> _About this task_:
Any picture in the range stays out of the copy; retype exactly the lines from the one with "캐릭터 블루프린트로 가서" to the end of the listing.

> _Given information_:
──────

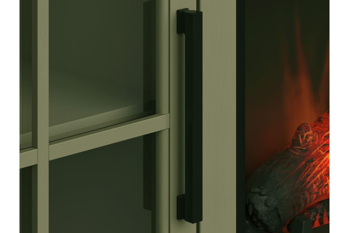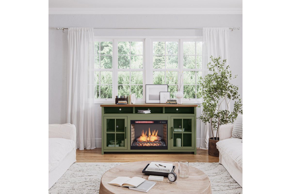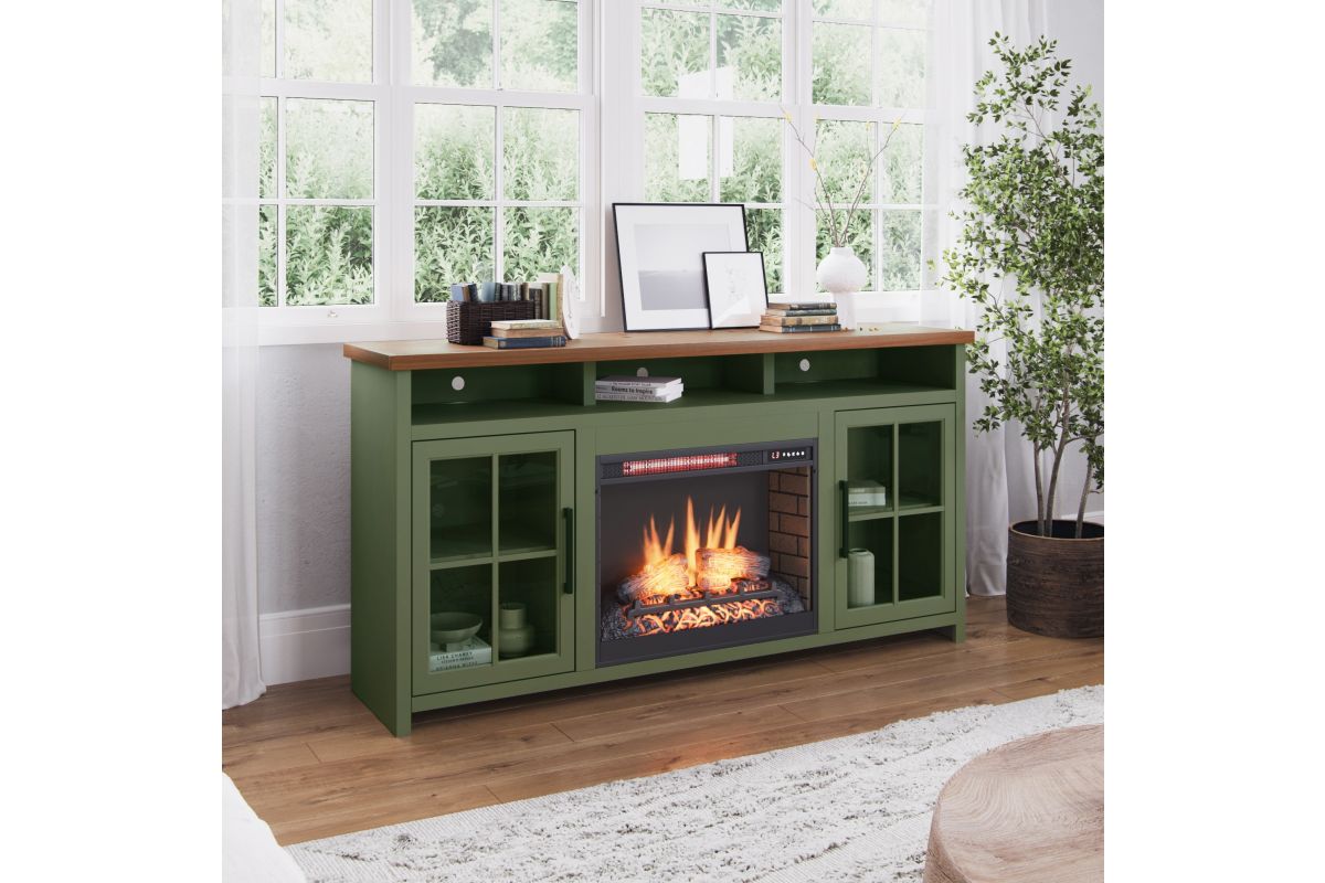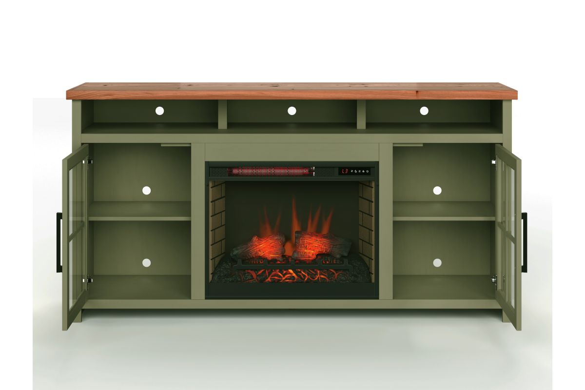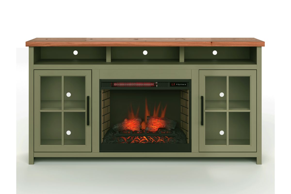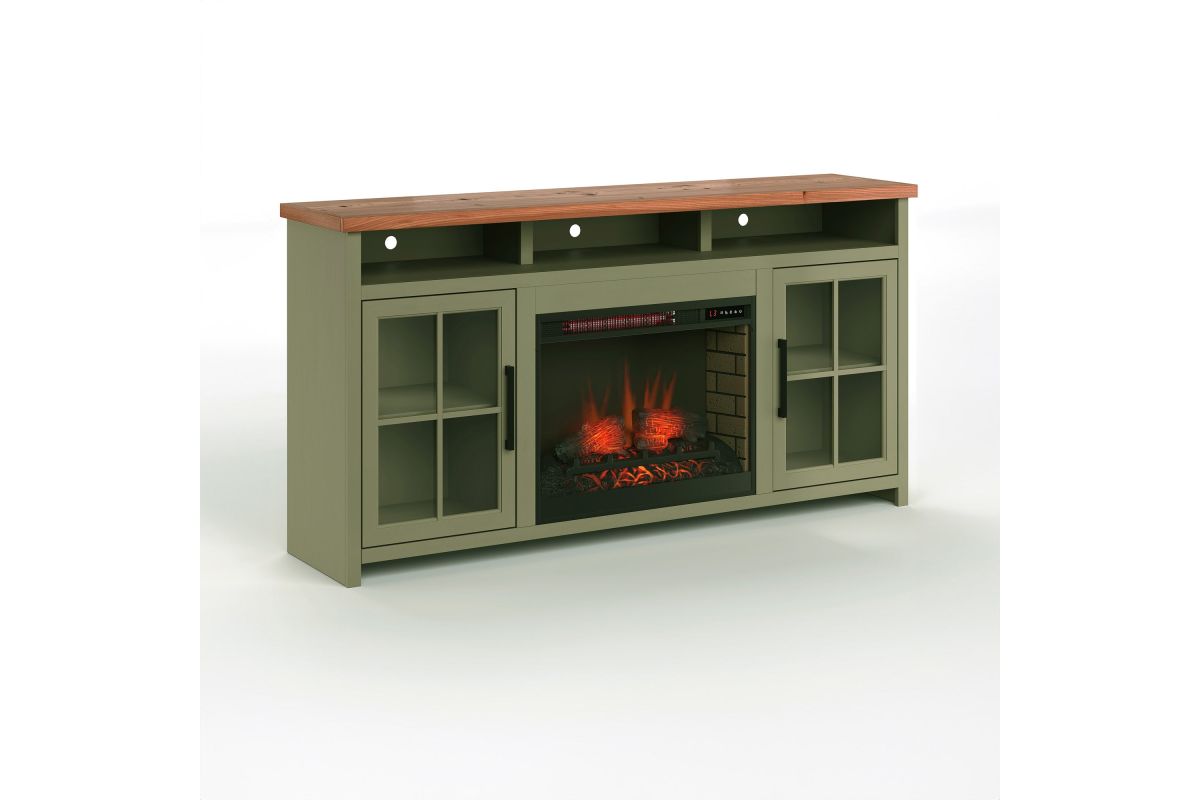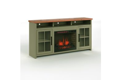 The Vineyard 74" Fireplace TV Stand Console from Bridgevine Home delivers a flawless combination of modern farmhouse style and country simplicity. Beautifully crafted from Poplar Solids, Okoume Veneers and Knotty Alder, this Fireplace Entertainment Center features a two-tone Sage Green and Fruitwood finish and oil-rubbed Bronze hardware. Ideal for TVs up to 85 inches, this Fireplace TV Stand includes two glass windowpane doors, three shelves and cable management on the back panel for media and gaming console storage. The 28" electric fireplace insert includes a remote control and multiple settings allow for heat up to 400 square feet. Four (included) screws make securing the fireplace insert to the console quick and simple. Minimal assembly required.
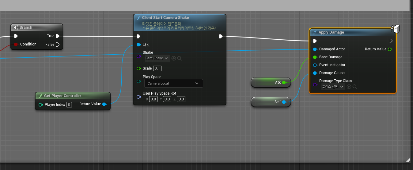 캐릭터 블루프린트로 가서 데미지를 적용하는 Apply Damage바로 앞에 Client Start Camera Shake를 추가해주고 Shake란에는 방금 생성한 CamShake블루프린트를 넣어준다
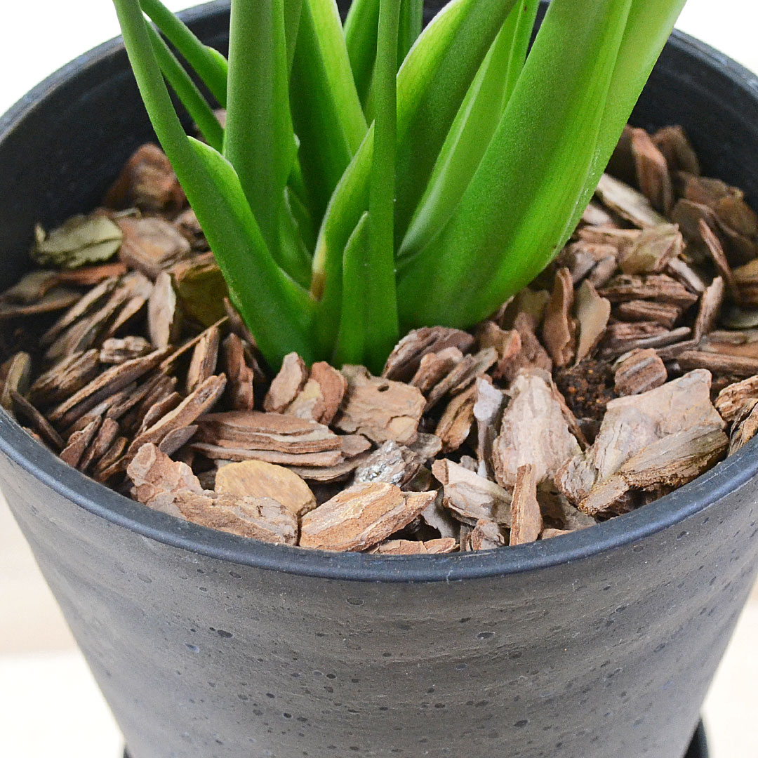 土の表面に敷くバーク付きです。水やりの際など土の表面を確認するときは取り除いてください。※バークチップの大きさや形状は変わる場合がございます。
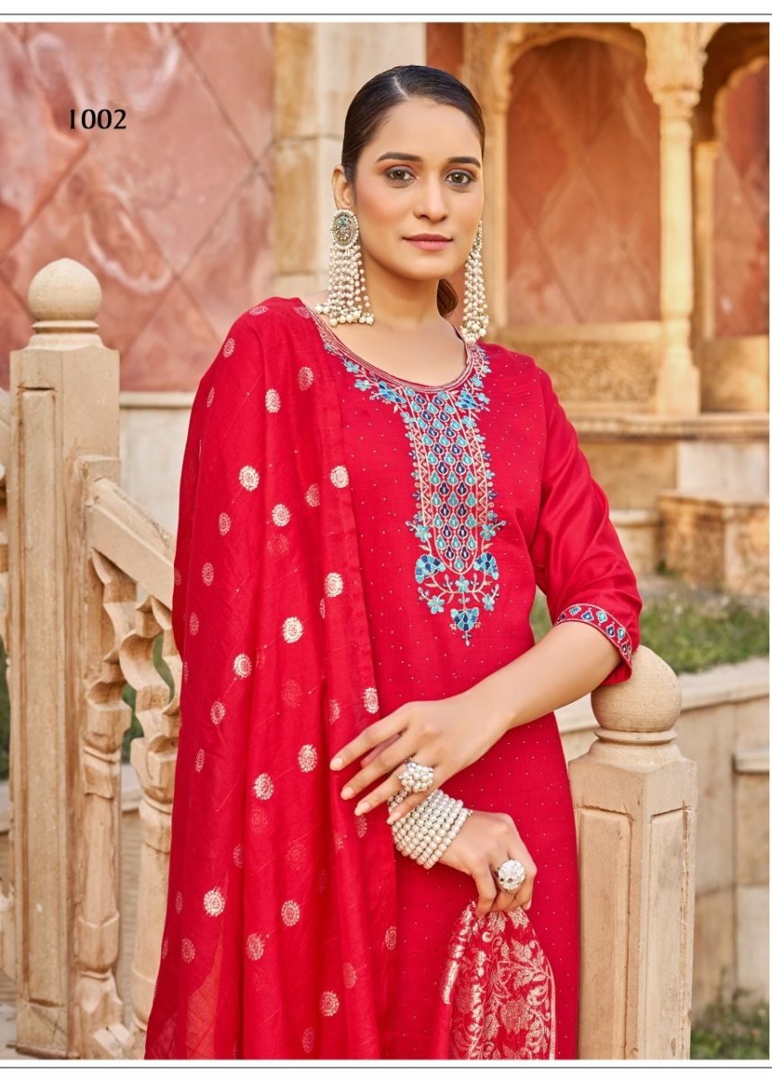 | NAME : | Karissa DN 1002 Designer Vertical Silk 3 Piece Kurti Pant Dupatta Set With Embroidery Sequence And Zarkan Work In Red Color |

──────

> _Your response_:
 캐릭터 블루프린트로 가서 데미지를 적용하는 Apply Damage바로 앞에 Client Start Camera Shake를 추가해주고 Shake란에는 방금 생성한 CamShake블루프린트를 넣어준다
 土の表面に敷くバーク付きです。水やりの際など土の表面を確認するときは取り除いてください。※バークチップの大きさや形状は変わる場合がございます。
 | NAME : | Karissa DN 1002 Designer Vertical Silk 3 Piece Kurti Pant Dupatta Set With Embroidery Sequence And Zarkan Work In Red Color |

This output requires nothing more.